> _YOUR TASK_:
In the data below, find the line containing "Футболка-поло из хлопкового" and the line containing "梁國雄在支持者陪同下出庭", then reproduce them and every line between, exactly. Omit pictures.

──────── LISTED RECORDS ────────

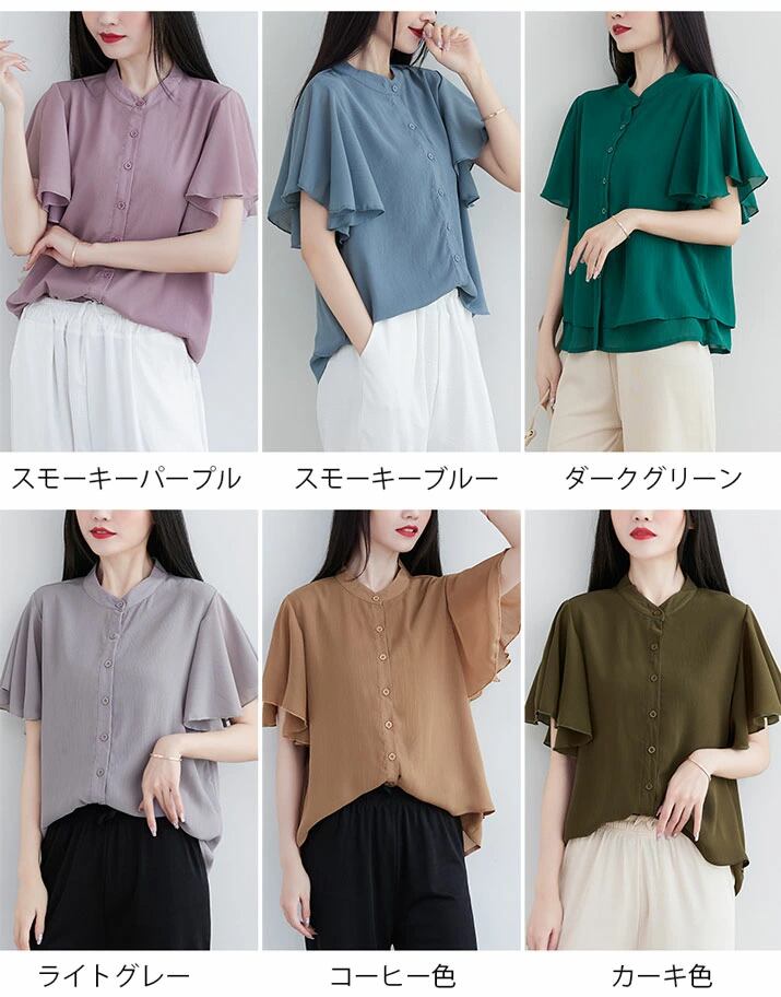 シフォンブラウス 半袖 レディース フリル袖 半袖 シフォン ブラウス バンドカラー シャツ シフォン バンドカラーブラウス ふんわり袖 母の日 ギフト プレゼント 大人 ファッション 春 トップス 大きいサイズ 涼やか シフォン 20代 30代 40代 | THE TNK-SHOP
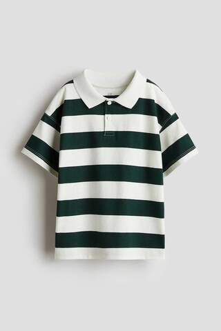 Футболка-поло из хлопкового трикотажа, с круглым вырезом, с манжетами и пуговицами.
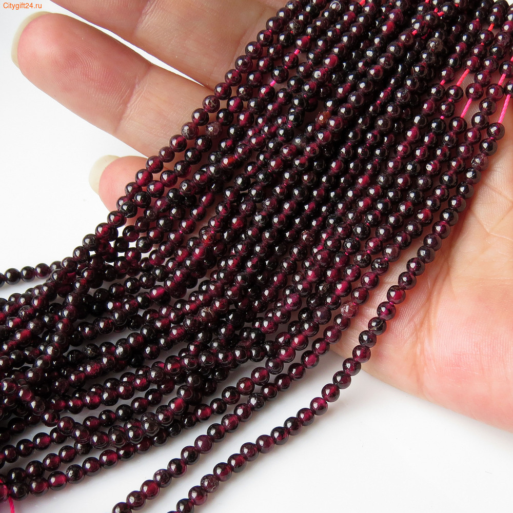 Бусины гранат натуральный (альмандин), применяется для изготовления бижутерии, для декорирования изделий в других видах рукоделия.
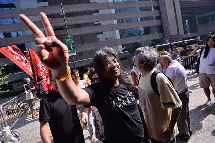 梁國雄在支持者陪同下出庭
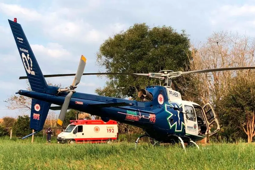 Helicóptero do Samu realizou transferência da criança em estado grave até Umuarama, após incidente em residência de Iporã (Foto Ilustrativa/Samu/AEN)
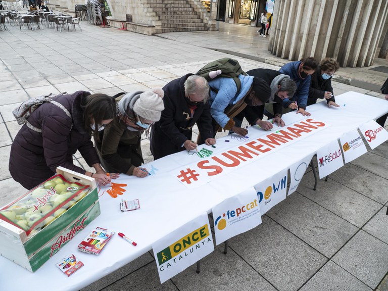 Les entitats i federacions del sector han presentat els nous continguts de l’Observatori sobre discapacitat a Lleida i han confeccionat un mural participatiu sota el lema #SumemMans
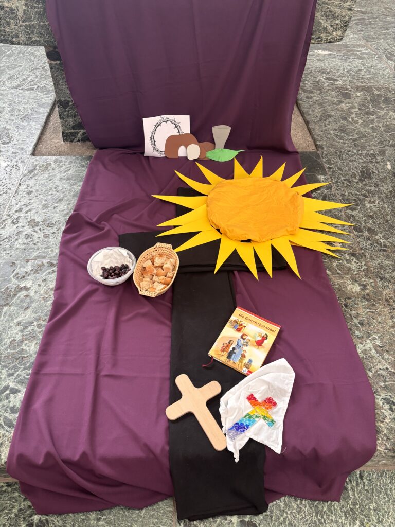 Außerdem betrachteten wir gemeinsam den Kreuzweg Jesu und nahmen die einzelnen Bilder aufmerksam in den Blick. Die Stimmung in der Kirche war ruhig und beinahe festlich. Die Kinder zeigten sich dabei sehr neugierig: Sie hörten aufmerksam zu, stellten viele Fragen und brachten ihre eigenen Gedanken und Eindrücke ein.
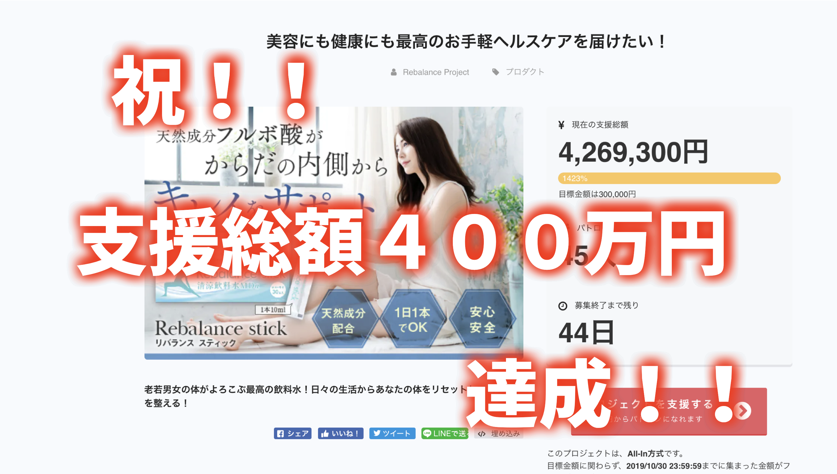 【祝!!達成】400万円ご支援頂きました!
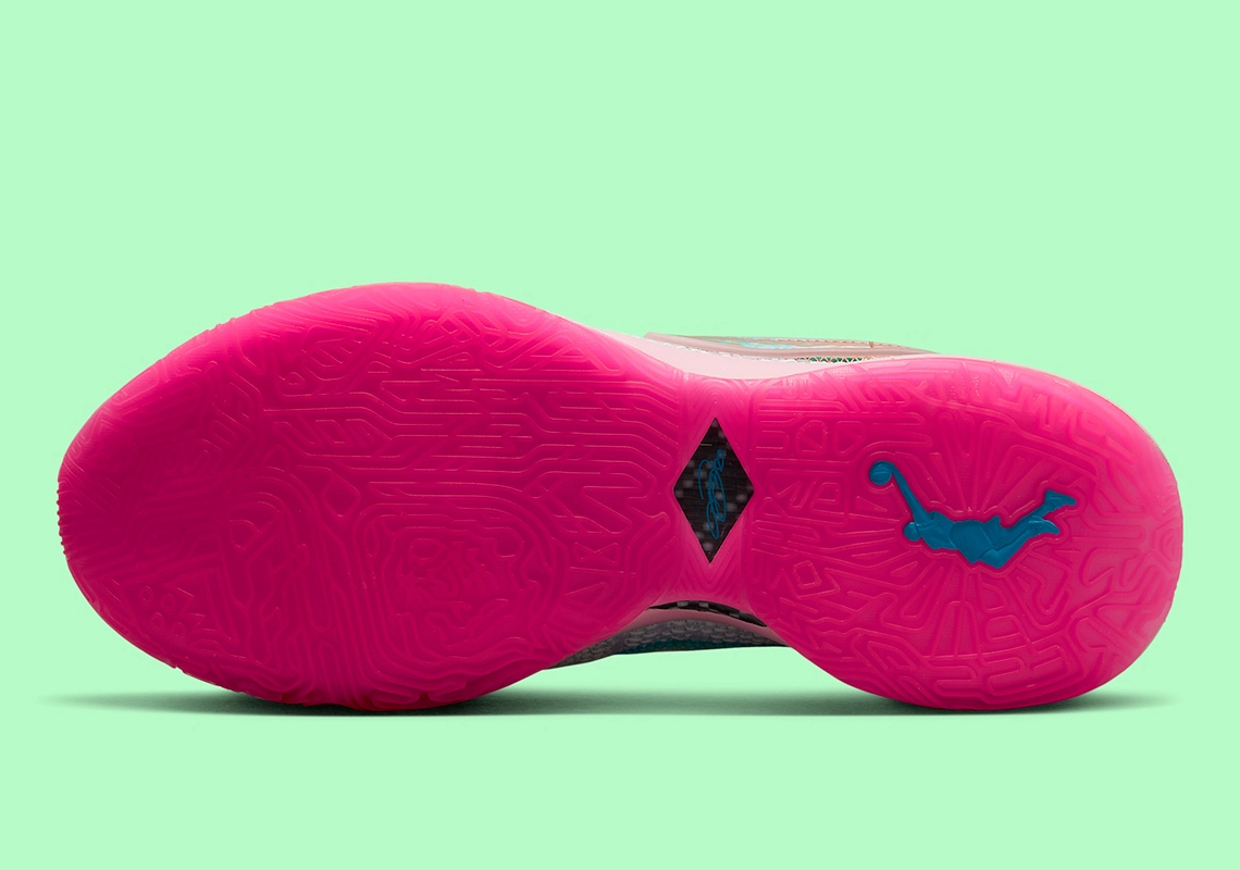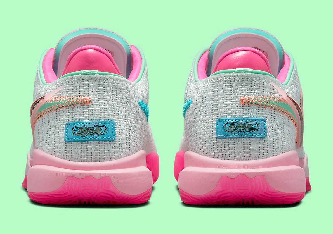 Baptisé « Barely Green », le coloris a été dévoilé officiellement, l’occasion d’y jeter à nouveau un coup d’œil un peu plus appuyé. On retrouve un thème assez similaire à la dernière version « Violet Frost », sauf que la tige est en vert cette fois, et que les deux logos « Swoosh » superposés apparaissent en vert-bleu turquoise. La semelle et l’intérieur du col ressortent en rose.

────────

> _EXERCISE RESULT_:
 Футболка-поло из хлопкового трикотажа, с круглым вырезом, с манжетами и пуговицами.
 Бусины гранат натуральный (альмандин), применяется для изготовления бижутерии, для декорирования изделий в других видах рукоделия.
 梁國雄在支持者陪同下出庭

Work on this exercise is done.